The income approach determines the value of a company based on the economic benefits generated by the business factored by the required rate of return based on the company’s risk profile. Economic benefits are the after-tax cash flow or earnings generated by the company. The required rate of return is based on the company and industry-specific factors that seek to quantify how much risk exists in the business versus other investments available in the market.


When valuing a company under the income approach there are two methods commonly used methods: valuing a single year of economic benefits into perpetuity (the income capitalization method) or a varying stream of projected future economic benefits with a final year (once the company has reached a point of stability) being projected into perpetuity (the discounted cash flow method). Both methods rely on analyzing historical cash flows to forecast projected future cash flows factored against the estimated risk of the company. The combination of these components, cash flow, and risk, are used to estimate the value of the business’s operations.


The Market Approach


The market approach determines the value of a company based on the sales of comparable businesses or interests in comparable businesses based on data derived from public and private markets.

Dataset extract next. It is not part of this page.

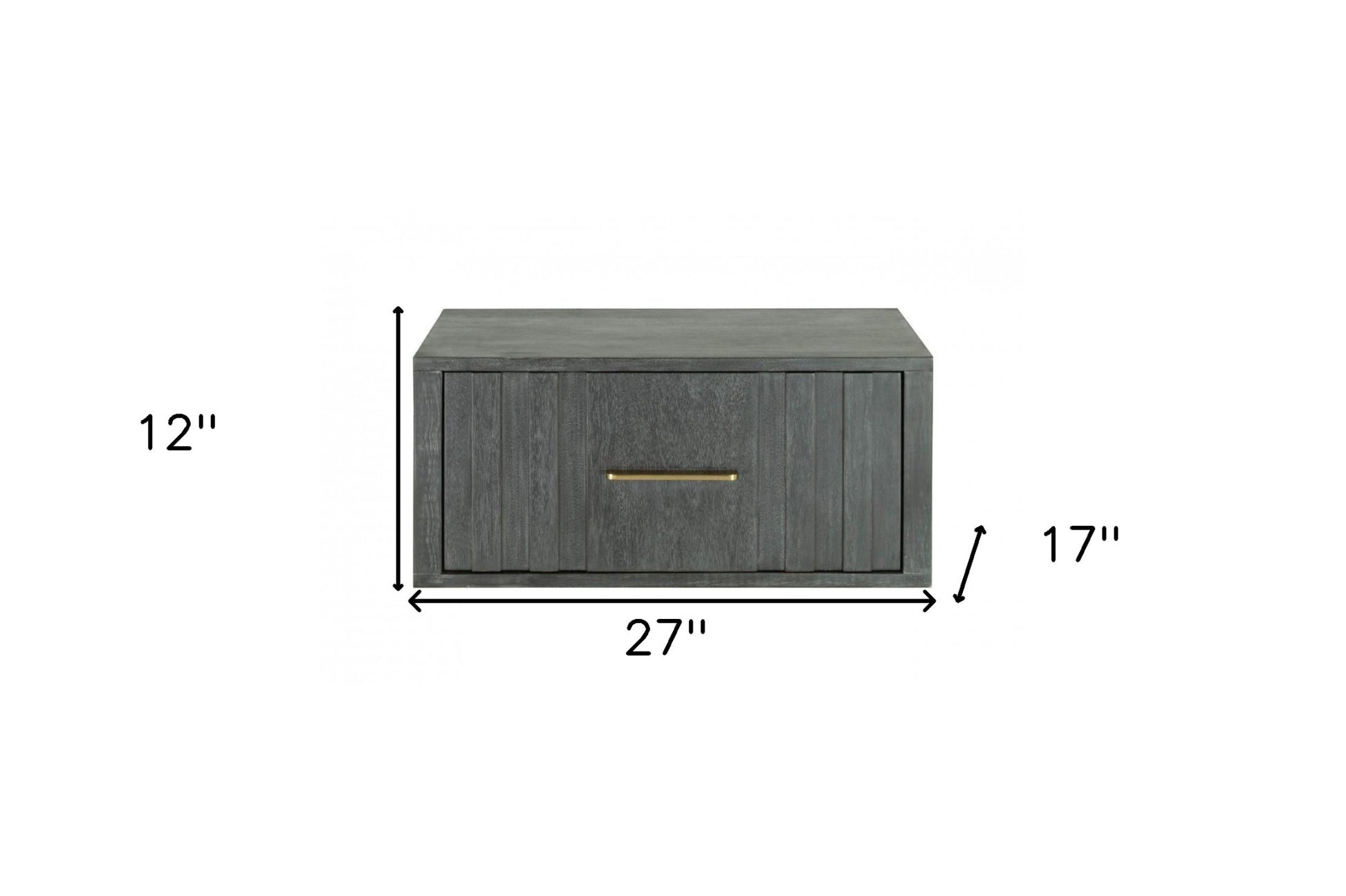 Give your room the look and feel of 5-star accommodations with this 12-inch gray one drawer nightstand. Sturdy and durable construction from solid + manufactured wood ensures this trusty bedside table is built to last. The easy open drawer allows you hidden storage to keep your essentials close at hand. The unsung hero of the bedroom, this nightstand is perfect for keeping a glass of water, lamp, alarm clock, jewelry, and more, close by and easily accessible. Look no further than this nightstand to accommodate all your needs and upgrade the style of your bedroom. 12-inch H x 27-inch W x 17-inch D

This data is then applied to the subject company’s reported financial information to estimate the value of the company. Two common methods under the market approach are the comparable market transaction method and the guideline public company method. Both methods utilize key metrics derived from either the price at which the company was acquired (under the comparable transaction method) or the price at which a comparable public company is trading on a publicly traded exchange market (under the guideline public company method). Commonly used multiples under these approaches are Enterprise Value (“EV”)/revenue (enterprise value divided by revenue), EV/earnings (enterprise value divided by earnings), and EV/EBITDA (“Earnings Before Interest, Taxes, Depreciation, and Amortization”) (EV divided by EBITDA) among other multiples. Enterprise value in this case refers to the purchase price of an acquired company or the total value of a publicly traded company. These methods utilize the multiples observed in comparable transactions or public market data multiplied by the company’s historical or projected metrics resulting in the company’s enterprise value under the market approach.


The Asset Approach


The asset approach determines the value of a company based on the market value of its assets and liabilities. This approach is quite simply the concept of what is “owned” less what is “owed.” The most common method for valuing a company under the asset approach is the adjusted book value method (or the net asset value method). Under the adjusted book value method, the analyst reviews the company’s assets and liabilities and adjusts the various items from the reported value on the balance sheet to the market value as of the valuation date. The difference between the market value of the company’s assets and the market value of the company’s liabilities results in the value of the company under the asset approach.


In summation, the value of any business is commonly estimated by the economic benefits or cash flow analyzed under the income approach, the market value of the company based on relevant metrics from comparable publicly traded companies and/or mergers and acquisitions transactions of comparable companies, or the market value of the company’s assets subtracted by the market value of the company’s liabilities. There are various methodologies and intricacies within the application of each valuation approach which we dive into in the next segment of this series.